How To Craft The Perfect Apology
Not all apologies are created equal!
Posted June 3, 2012
Before I share a template for a great apology, let’s look at examples of lame ones. Warning: Do not try these at home…
- "Sooorrry!! Jeez!" — Not every sentence with the word “sorry” in it is an apology.
- “Well, I’m sorry you feel that way.” — Uh oh. You just blamed the victim for choosing to suffer emotionally as a result of your actions. Lame!
- "I’m sorry. Now…is there anything you’d like to apologize for??? — Nice try, but it ain’t gonna work.
- "I’m sorry, but you deserved it." — You’d better duck. There may be a fist coming your way shortly.
My husband is great at apologizing. Not that he has too much to apologize for, but when he does offer one, I always feel better about the situation and about our relationship in general.

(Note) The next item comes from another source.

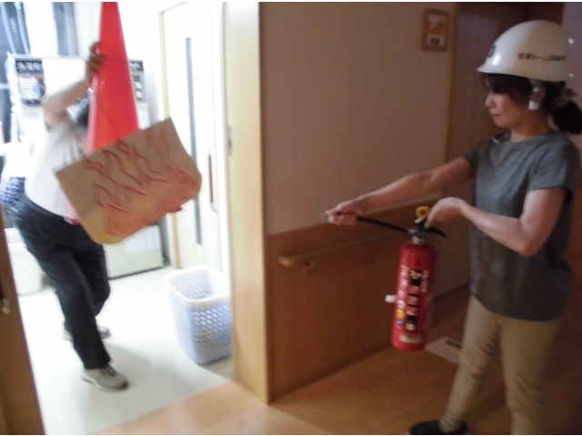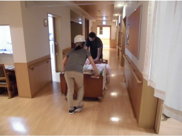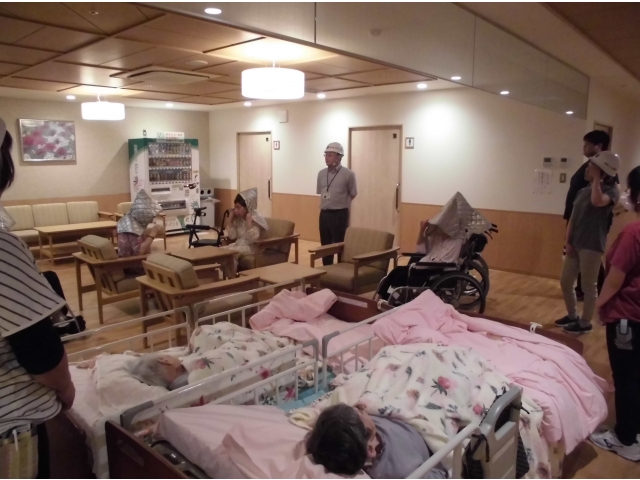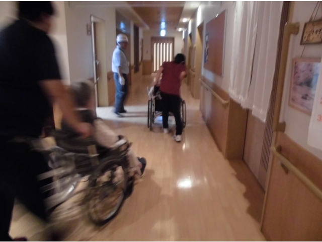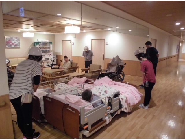 夜間帯は日中に比べ職員の人数も少なくなります。 そんな時に火災が発生した場合は、職員一人の役割は増えるとともに、いかに迅速かつ的確に行動できるかによって、入居者の安全と被害軽減が図れるかが変わってきます。 岡崎苑では、常にさまざまな状況を想定し訓練を行っています。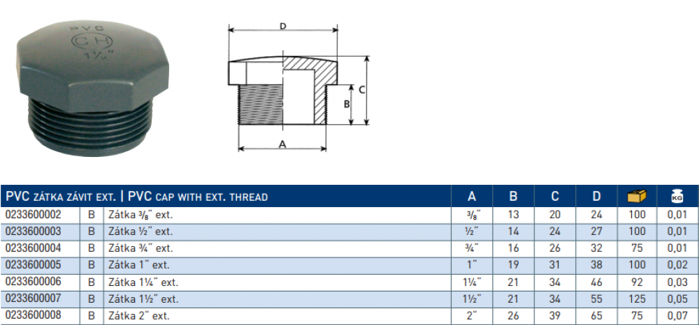 PVC Utikač vanjski navoj; veza - vanj. boja - siva; (ext - vanjski) Pročitajte više

And that’s what apologies do– they heal.
But healing work is the work of the brave. It takes guts. Why? Because it’s scary to make yourself vulnerable, to face the people you’ve hurt, to be fully accountable for your words and actions, and to accept the consequences of your mistakes. It’s uncomfortable. It’s embarrassing. And it’s hard to face the truth, particularly when the truth is that you screwed up.
Here’s something else you need to know: apologies are not about you. They are about the person you hurt and the relationship you share. If you make your apology about yourself, you’ll do a lame half-assed job of it in an effort to minimize your pain, guilt, and embarrassment. But if you remember that the apology is (mostly) for the other person, you will see the process more objectively: apologizing is an honorable first step in the journey toward healing. It’s a sacred act, and you are a critical part of it.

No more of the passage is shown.